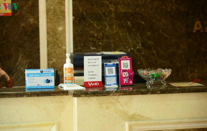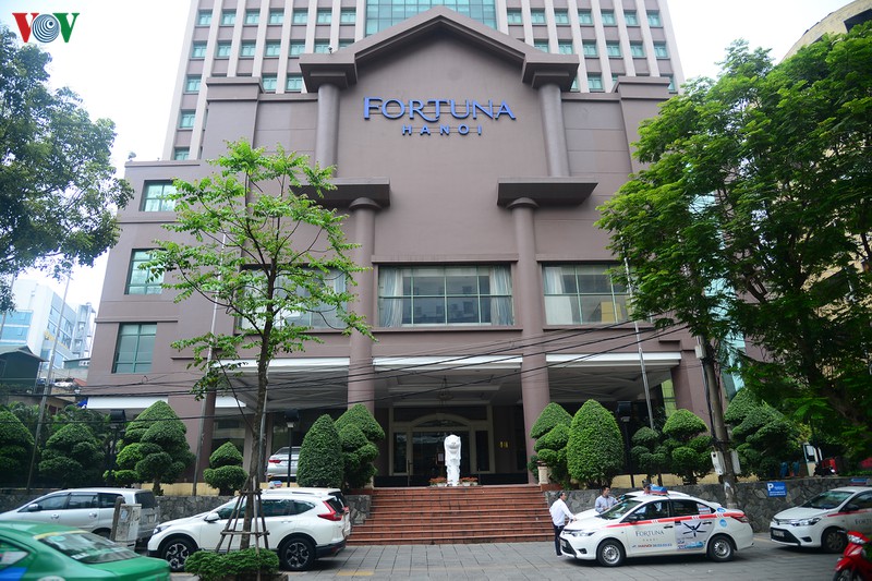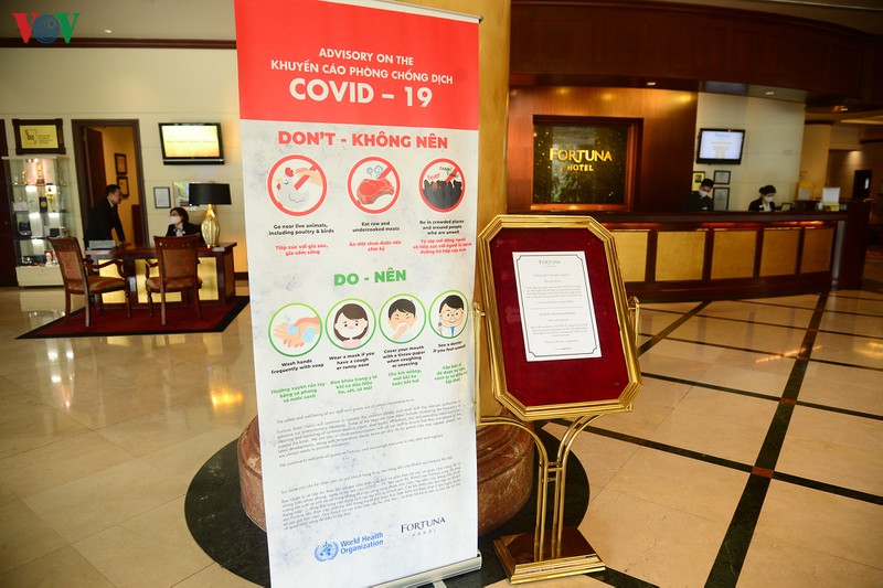 Ghi nhận của phóng viên VOV.VN, ngày 23/3, tại khách sạn Fortuna Ha Noi (địa chỉ 6B Láng Hạ), mọi khách đều được đo thân nhiệt...
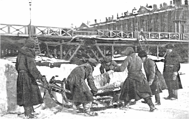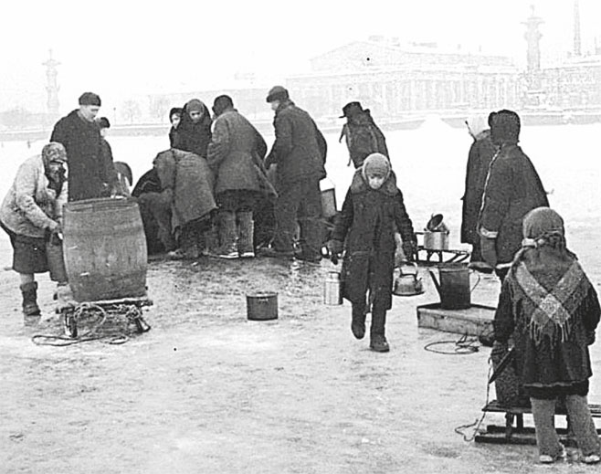 Вместо Крещенской проруби во льду Невы сделали прорубь, в которой жители осажденного города могли брать воду. А на набережной вместо гуляющих горожан можно было видеть колонны солдат, военных моряков и ополченцев, направляющихся на фронт.
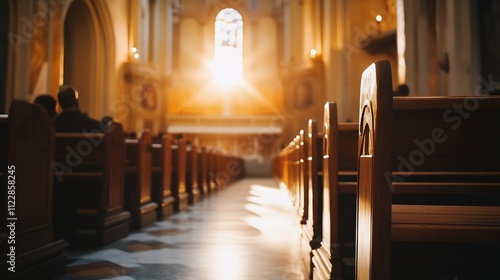 Fototapeta premium Warm Sunlight Illuminating Church Pew and Aisle Creates a Sacred Atmosphere :...
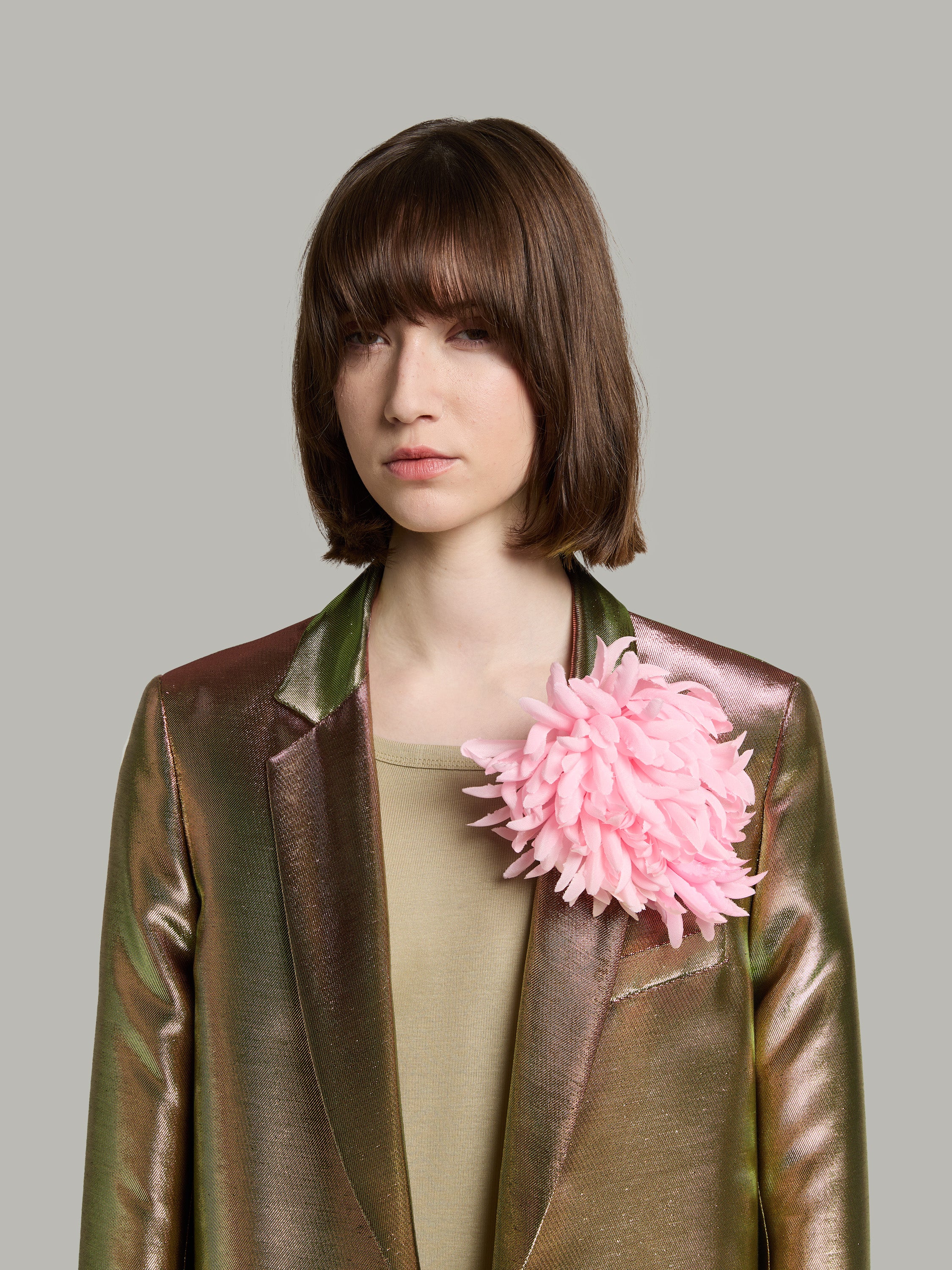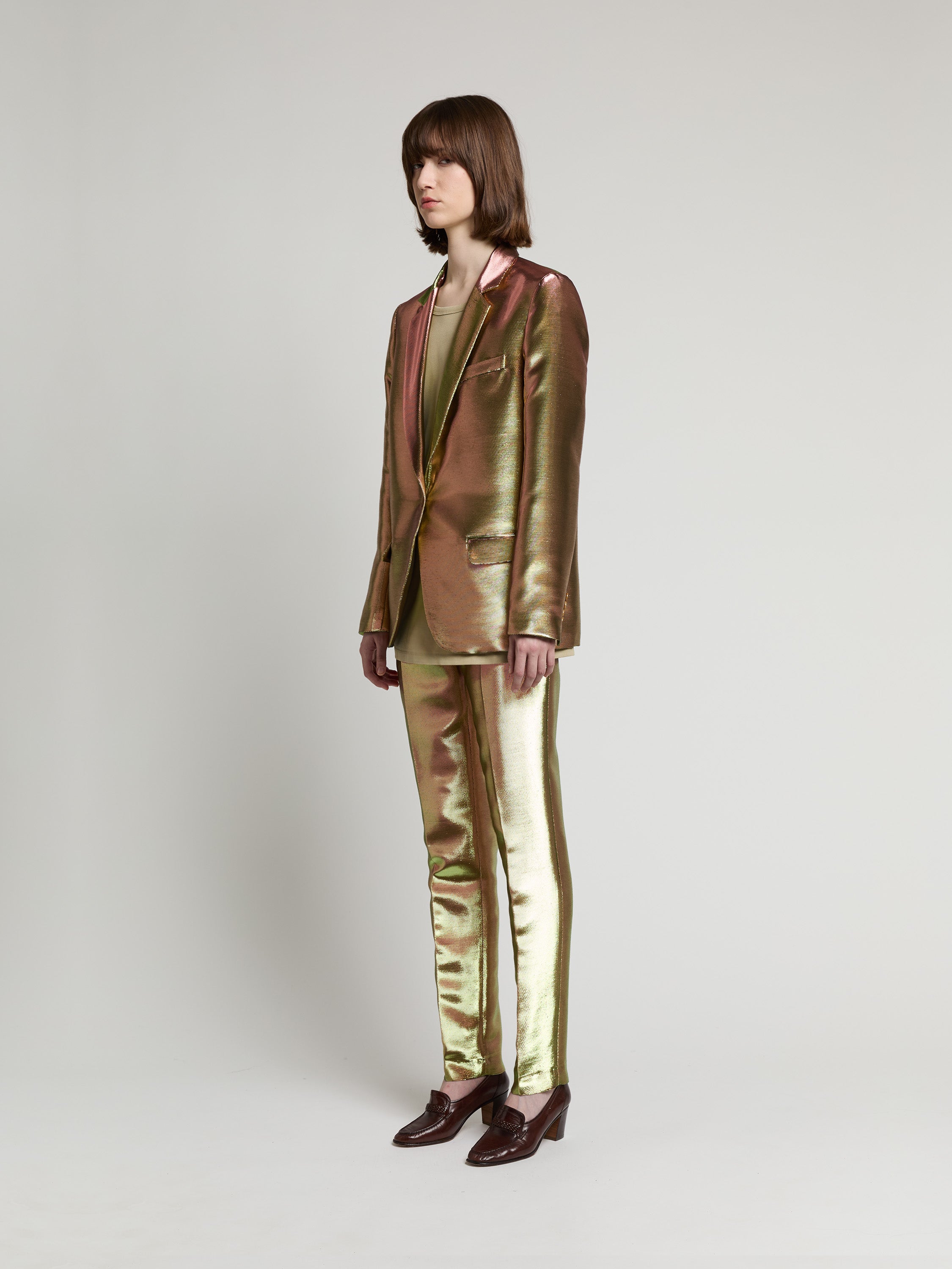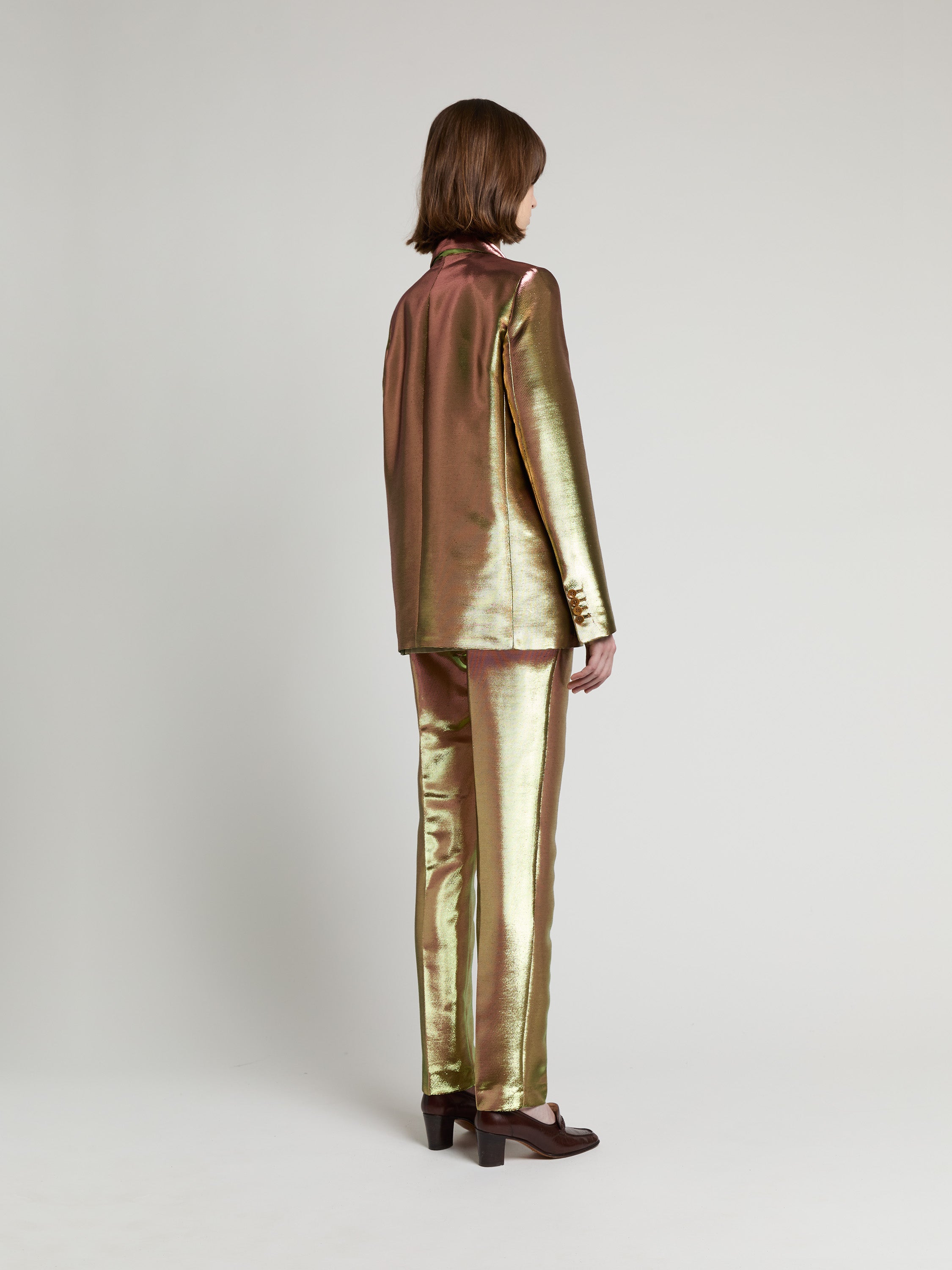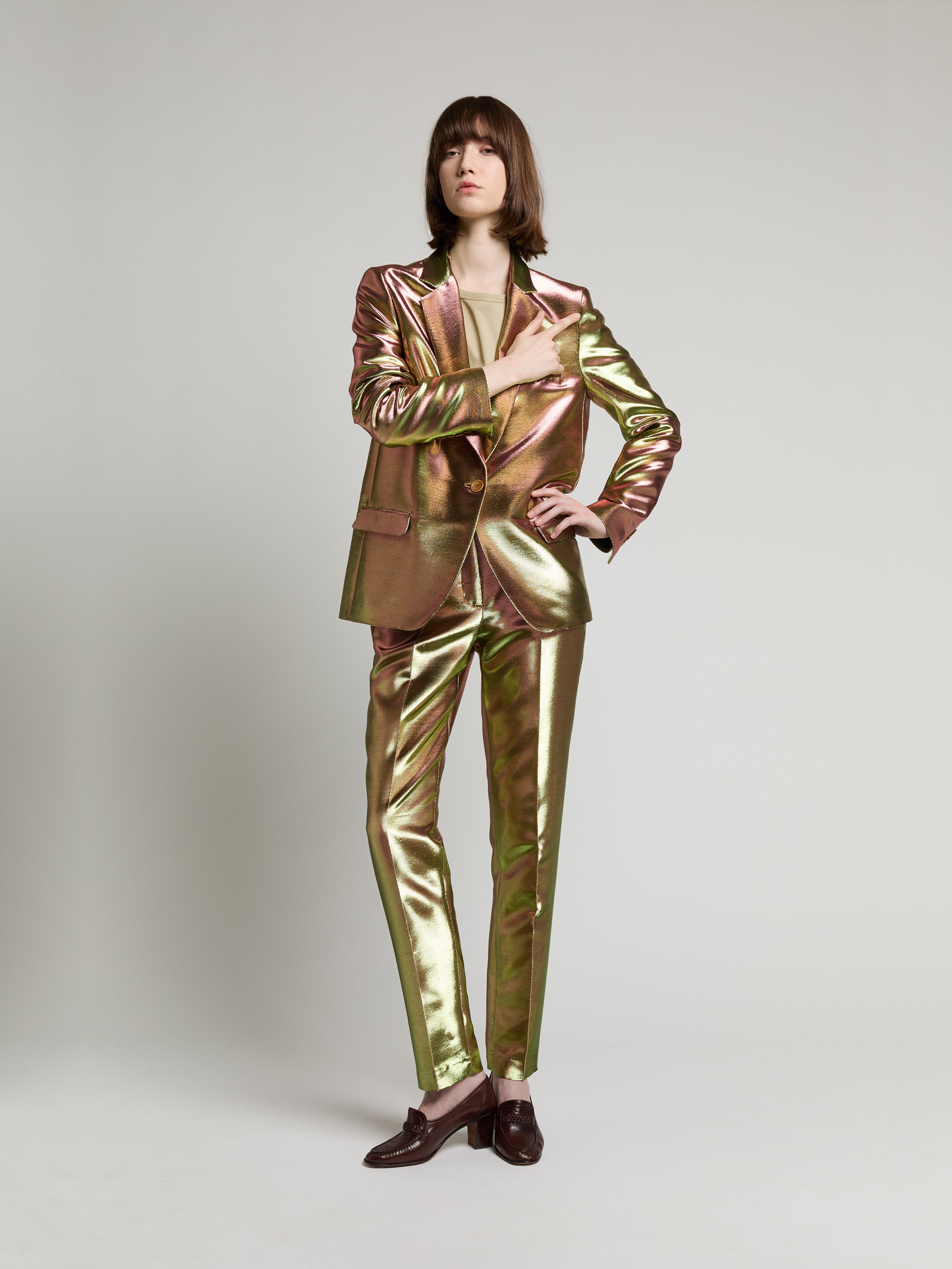 Pièce iconique du vestiaire INDRESS, cette veste droite et masculine est réalisée dans un twill de lurex tissé dans la région lyonnaise chez Denis & Fils. La veste se ferme à l’aide d’un unique bouton en corozo ton sur ton. Deux poches passepoilées à rabat et une poche poitrine structurent cette pièce. La veste est entièrement doublée. La dernière boutonnière en bas de manches n’est pas ouverte ce qui permet de raccourcir les manches si nécessaire.

======

INSTRUCTIONS TO FOLLOW: Your copy should hold only the lines from the line with "Fototapeta premium Warm" through the end of the data above, both ends included, transcribed exactly and without pictures.

YOUR RESPONSE:
 Fototapeta premium Warm Sunlight Illuminating Church Pew and Aisle Creates a Sacred Atmosphere :...
 Pièce iconique du vestiaire INDRESS, cette veste droite et masculine est réalisée dans un twill de lurex tissé dans la région lyonnaise chez Denis & Fils. La veste se ferme à l’aide d’un unique bouton en corozo ton sur ton. Deux poches passepoilées à rabat et une poche poitrine structurent cette pièce. La veste est entièrement doublée. La dernière boutonnière en bas de manches n’est pas ouverte ce qui permet de raccourcir les manches si nécessaire.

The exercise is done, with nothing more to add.